A compact formulation of turbo audio-visual speech recognition

Simon Receveur; Patrick Meyer; Tim Fingscheidt

doi:10.1109/ICASSP.2014.6854658

A compact formulation of turbo audio-visual speech recognition

Receveur, Simon, Meyer, Patrick, Fingscheidt, Tim

Source

2014 IEEE International Conference on Acoustics, Speech and Signal Processing (ICASSP) > 5517 - 5521

Abstract

Since most automatic speech recognition (ASR) systems still suffer from adverse acoustic conditions and insufficient acoustic modeling, recognition robustness can be improved by integrating further information sources such as additional acoustic channels, modalities, or models. Considering the question of information fusion, interesting parallels to problems in digital communications can be observed, where the turbo principle revolutionized reliable communication.
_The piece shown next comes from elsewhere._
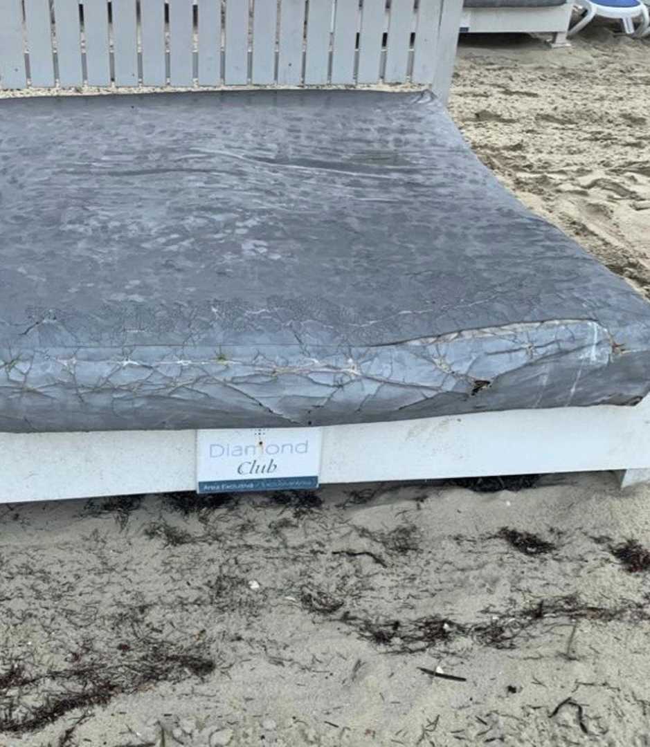 eines der zahlreichen Tagesbetten am Strand.

In this paper, we provide new perspectives on turbo ASR: First, we introduce a compact formulation of turbo automatic speech recognition; second, we present a shape-based visual feature extraction algorithm without any learning paradigms. Third, we show an application to an audio-visual speech recognition task on a large data set, where our proposed method clearly outperforms the iterative approach introduced by Shivappa et al. as well as a conventional coupled-hidden-Markov-model approach by up to 23.8% relative reduction in word error rate.